2. Ascertaining the differences between the prior art and the claims at issue.
3. Resolving the level of ordinary skill in the pertinent art.
4. Considering objective evidence present in the application indicating obviousness or nonobviousness.
Claims 1 and 3-4 are rejected under 35 U.S.C. 103 as being unpatentable over WO 2020016459 A1 (Published 1/23/2020) hereinafter 459 in view of Kretschmer et al (Antibody Isotypes for Tumor Immunotherapy, Transfus Med Hemother 2017;44:320–326 DOI: 10.1159/000479240, 9/7/2017).
Regarding claim 1, 459 teaches an anti-VISTA antibody which comprises heavy and light chain CDRs listed in table 5. p.76 par.3 and p.78 table 5. In this table the IMGT column contains all the CDRs of the instant applications claim 1. Specifically, the instant application defines the heavy chain CDRs of SEQ ID NO: 21 on p.63 line 16 as SEQ ID NO: 13-15, which are 100% identical to 459 SEQ ID NO: 6, 32, and 16 respectively. The instant application defines the light chain CDRs of SEQ ID NO: 22 on p.63 line 22 as SEQ ID NO: 16-18. which are 100% identical to 459 SEQ ID NO: 20, 24 and 26 respectively.
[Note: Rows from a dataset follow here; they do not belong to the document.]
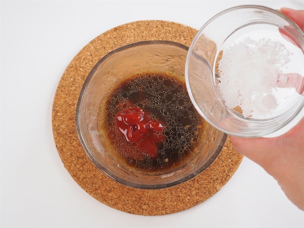8. アルミホイルに溜まった肉汁と、[B]を合わせてソースを作る。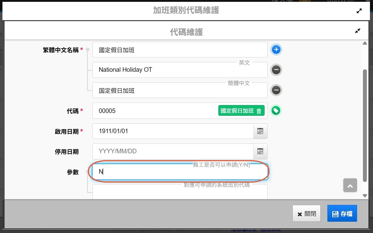 3. 在修改畫面中,找到「員工是否可以申請(Y/N)」的選項,將其修改為「N」,這樣員工將無法申請國定假日的加班。設定完後,若員工嘗試申請國定假日加班,系統將顯示「加班日期無符合的加班類別」。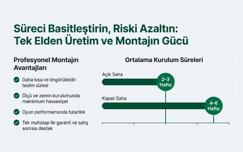 Profesyonel padel kort projelerinde üretim ve montaj süreçlerinin tek elden yürütülmesi, maliyet ve kalite açısından kritik bir avantaj sağlar.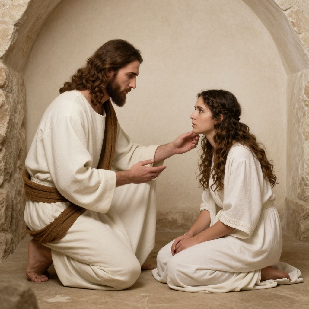 Photograph of a biblical scene featuring a bearded man with long, dark brown hair kneeling in a white robe and brown sash, hands clasped in prayer. A woman with long, wavy brown hair, wearing a sleeveless brown dress, kneels before him, hands raised in supplication, touching his chin gently with her right hand. They are on a tiled floor with a beige, arched wall background. The man's expression is solemn, while the woman's gaze is upward, focused on him. The image has a soft, natural light, enhancing the serene and reverent atmosphere.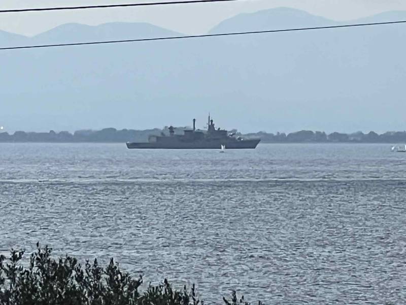 Το πολεμικό πλοίο συμμετέχει από χθες το πρωί σε στρατιωτική άσκηση σε διεθνή ύδατα και μετά το μεσημέρι βρέθηκε ανοιχτά της Καλαμάτας για ανεφοδιασμό.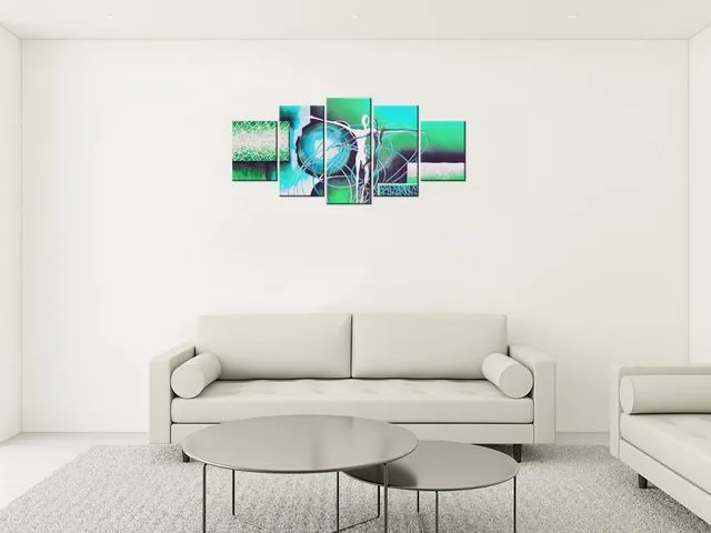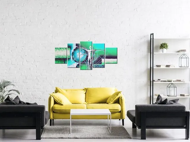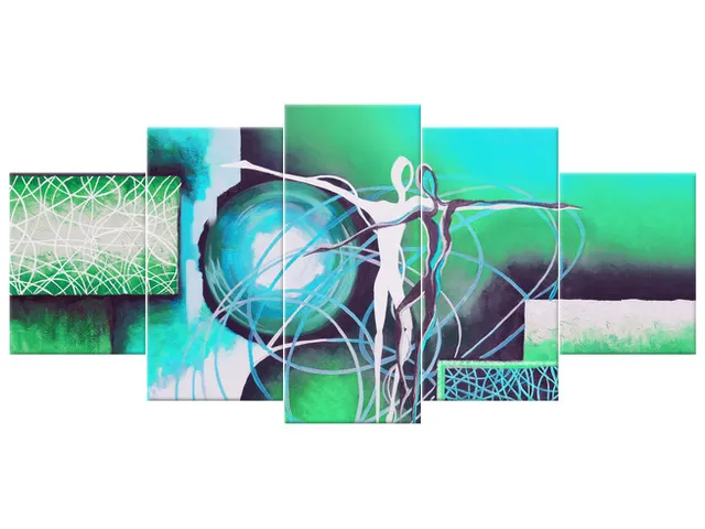 Úvod » Obrazy » Obrazy na plátne » Abstrakt » Moderný obraz na stenu Tancujúce postavy v tyrkyse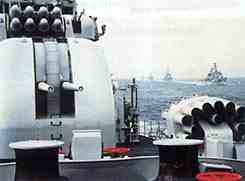 在水面艦艇方面,大陸主力艦隊有近40艘導(dǎo)彈護(hù)衛(wèi)艦和20艘驅(qū)逐艦,全部配備反艦巡航導(dǎo)彈。而預(yù)料幾年後從俄羅斯購買的現(xiàn)代級驅(qū)逐艦,其超音速的SS-N22反艦巡航導(dǎo)彈,將使臺灣艦艇無法招架。大陸的水面艦艇力量將繼續(xù)壯大,并提高其延伸作戰(zhàn)能力。這支軍隊將進(jìn)行更切合實際的軍事訓(xùn)練,并配備更先進(jìn)的反艦和防空導(dǎo)彈,以及電子戰(zhàn)設(shè)備。
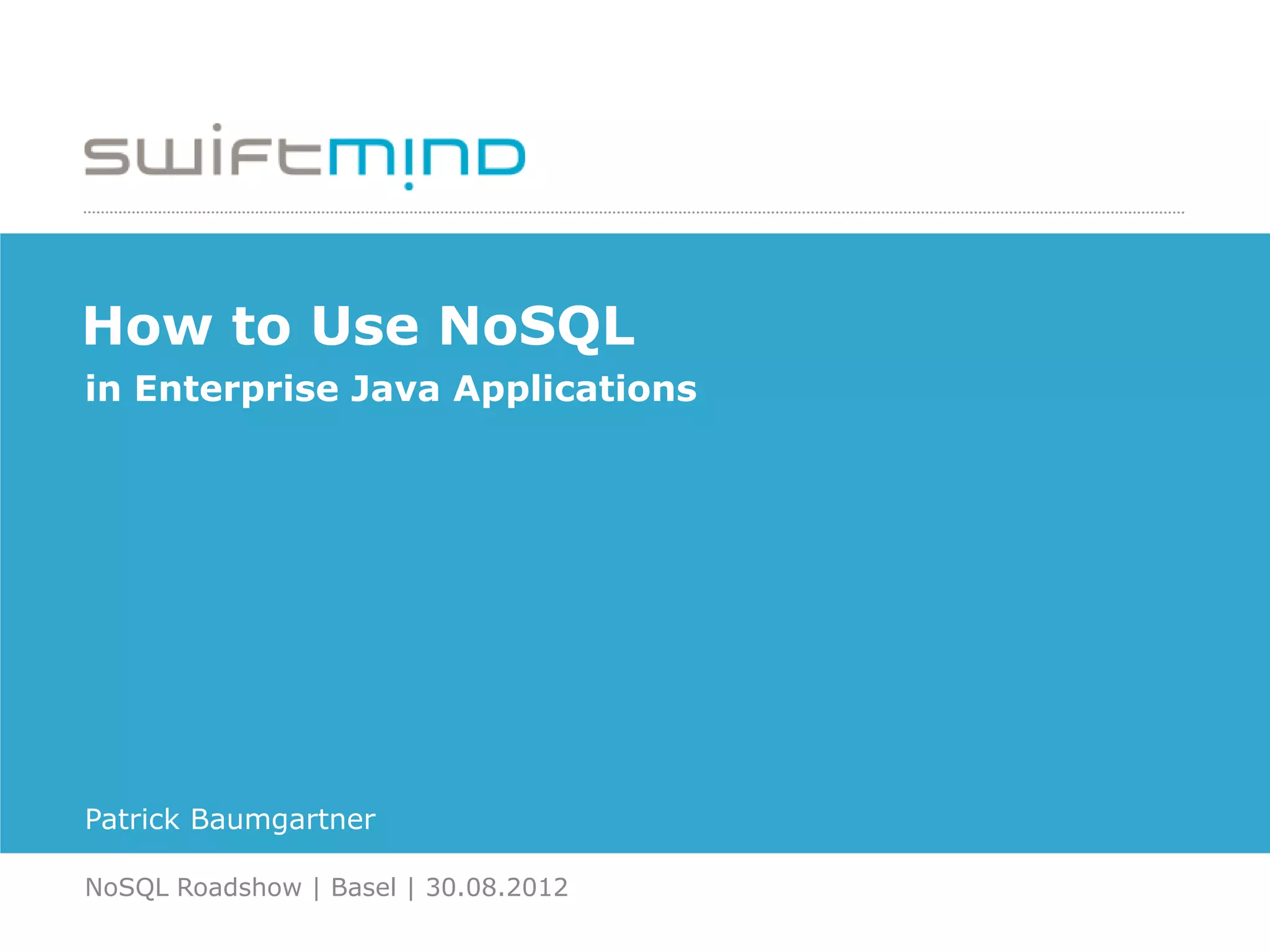 The document is a presentation by Patrick Baumgartner on the integration of NoSQL data stores in enterprise Java applications, highlighting new demands for data access and various types of data stores. It provides an overview of Spring Data, including its key features and examples utilizing MongoDB and Neo4j. The presentation concludes with a Q&A session and resources for further exploration.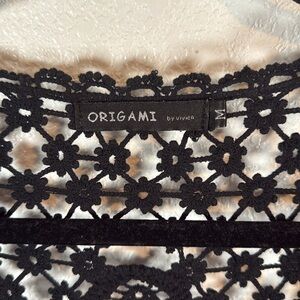 Origami by Vivien Black Floral Crochet Long Line Kimono Cardigan Size Medium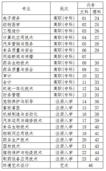 2016我院在苏招生各批次专业代号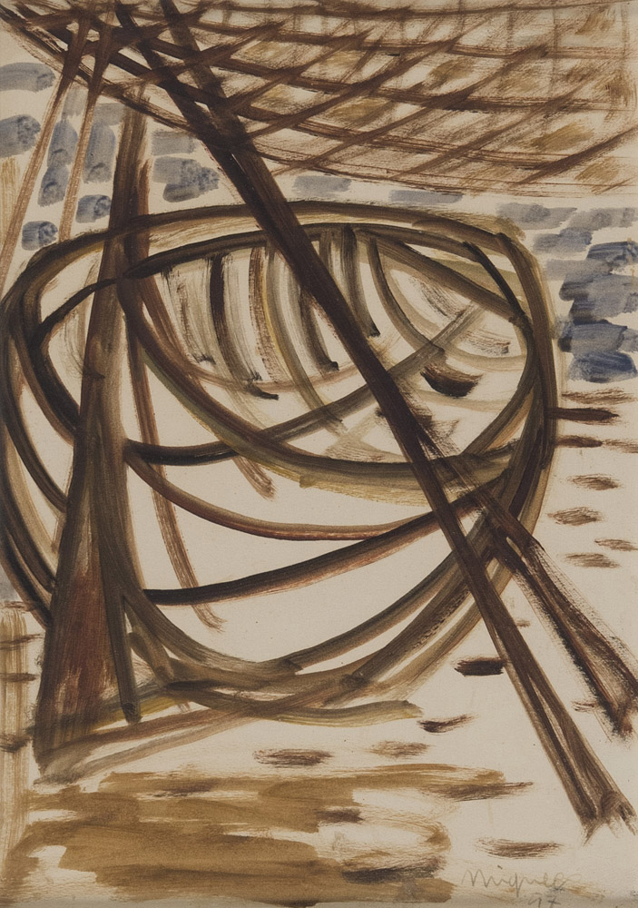 GIUSEPPE MIGNECO (Messina 1903 - 1997) Barca, 1957 Tempera su cartoncino, cm....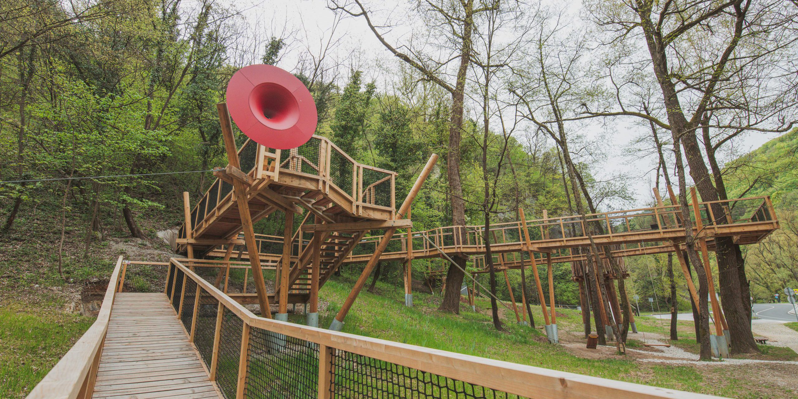 Tema bioraznolikost isprepliće s temom glazbe kroz skulpturu trube koja prati cijelu stazu, inspirirane ovim jedinstvenim lokalitetom i spomenikom himne Lijepa naša. Staza uključuje i promatračnicu za ptice u obliku ptičjega gnijezda i ljuljačke, dok podnožje staze krase perunike.

It is noted that SEQ ID NO: 21 contains aspartic acid (asp or D) in place of asparagine (asn or N) in CDR2 (this is the heavy chain) specification p.44, lines 13-15. This is position 55 of the SEQ ID NO: 21, p.4 line 1. This substitution is important as the inventor’s draw attention to it, as it prevents deamination. The same amino acid exists in 459 heavy chain CDR2 SEQ ID NO: 32 at position 5, bolded for emphasis below.
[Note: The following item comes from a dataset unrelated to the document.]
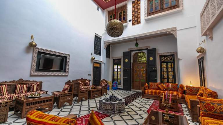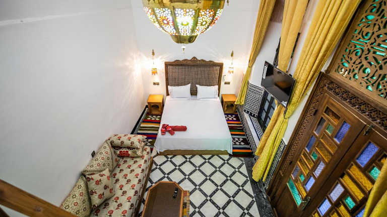 Das Hotel Dar Layali Fez in Fès ist die ideale Unterkunft, um die Stadt zu erkunden und die marokkanische Kultur zu erleben. Das Riad bietet komfortable Zimmer mit modernen Annehmlichkeiten und ein Restaurant, in dem Sie ein köstliches Halal-Frühstück genießen können. Das freundliche Personal und die praktischen Businesseinrichtungen machen Ihren Aufenthalt angenehm und unkompliziert.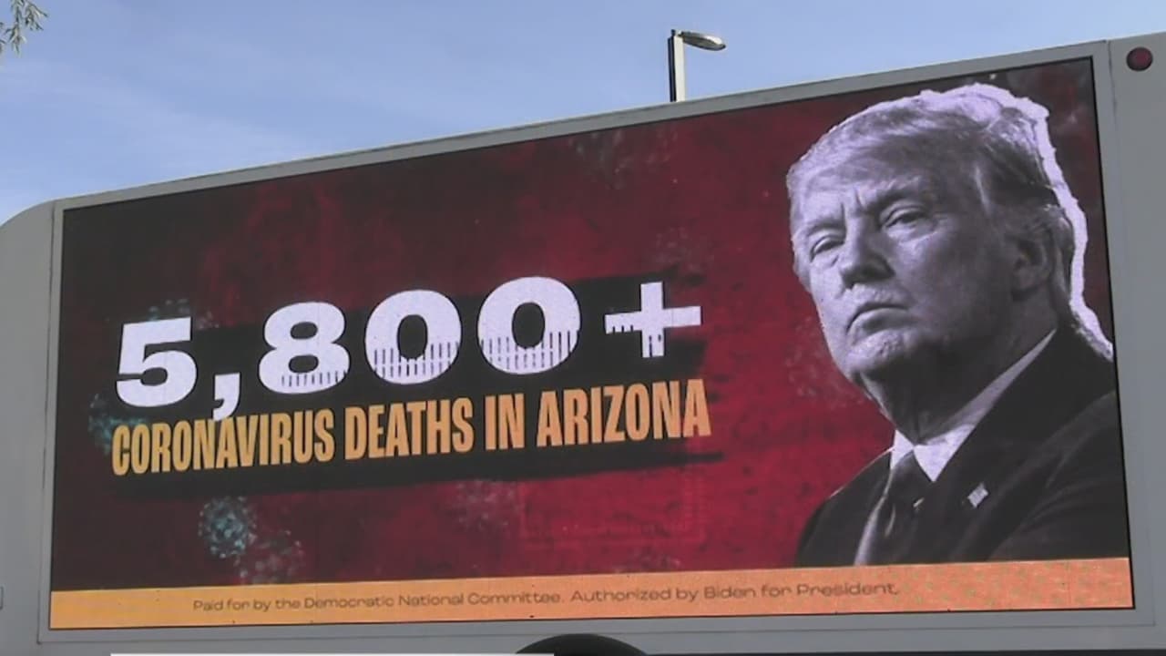 El presidente visitó Arizona por sexta ocasión y diversos sectores opositores mostraron su rechazo. Incluso, una valla espectacular móvil circuló por el centro de Phoenix con mensajes sobre la "fallida respuesta a la pandemia"

The examiner has provided an annotated sequences for demonstration purposes: CDRs are underlined, and the aspartic acid at position 55 in VH CDR2 is bolded.
SEQ ID NO: 21 VH
(QVQLVQSGAEVKKPGASVKISCKASGFSFTGYTMNWVRQAPGQGLEWIGLISPYDGGTSYAQKFQGRATLTVDTSTSTAYMELSSLRSEDTAVYYCARRAYGYAMDYWGQGTLVTVSSASTKGPSVFPLAPSSKSTSGGTAALGCLVKDYFPEPVTVSWNSGALTSGVHTFPAVLQSSGLYSLSSVVTVPSSSLGTQTYICNVNHKPSNTKVDKRVEPKSCDKTHTCPPCPAPELLGGPSVFLFPPKPKDTLMISRTPEVTCVVVDVSHEDPEVKFNWYVDGVEVHNAKTKPREEQYNSTYRVVSVLTVLHQDWLNGKEYKCKVSNKALPAPIEKTISKAKGQPREPQVYTLPPSREEMTKNQVSLTCLVKGFYPSDIAVEWESNGQPENNYKTTPPVLDSDGSFFLYSKLTVDKSRWQQGNVFSCSVMHEALHNHYTQKSLSLSPGK)
459 VH CDR1 SEQ ID NO: 13 (GFSFTGYT)
459 VH CDR2 SEQ ID NO: 32 (ISPYDGGT)
459 VH CDR3 SEQ ID NO: 16 (ARRAYGYAMDY)
SEQ ID NO: 22 VL
(EIVLTQSPATLSLSPGERVTMSCSASSSVSYMYWYQQKPGQAPRLLIYDTSNLASGVPARFSGSGSGTDYTLTISSMEPEDFAVYYCQQWSSYPFTFGQGTKLEIKRTVAAPSVFIFPPSDEQLKSGTASVVCLLNNFYPREAKVQWKVDNALQSGNSQESVTEQDSKDSTYSLSSTLTLSKADYEKHKVYACEVTHQGLSSPVTKSFNRGEC)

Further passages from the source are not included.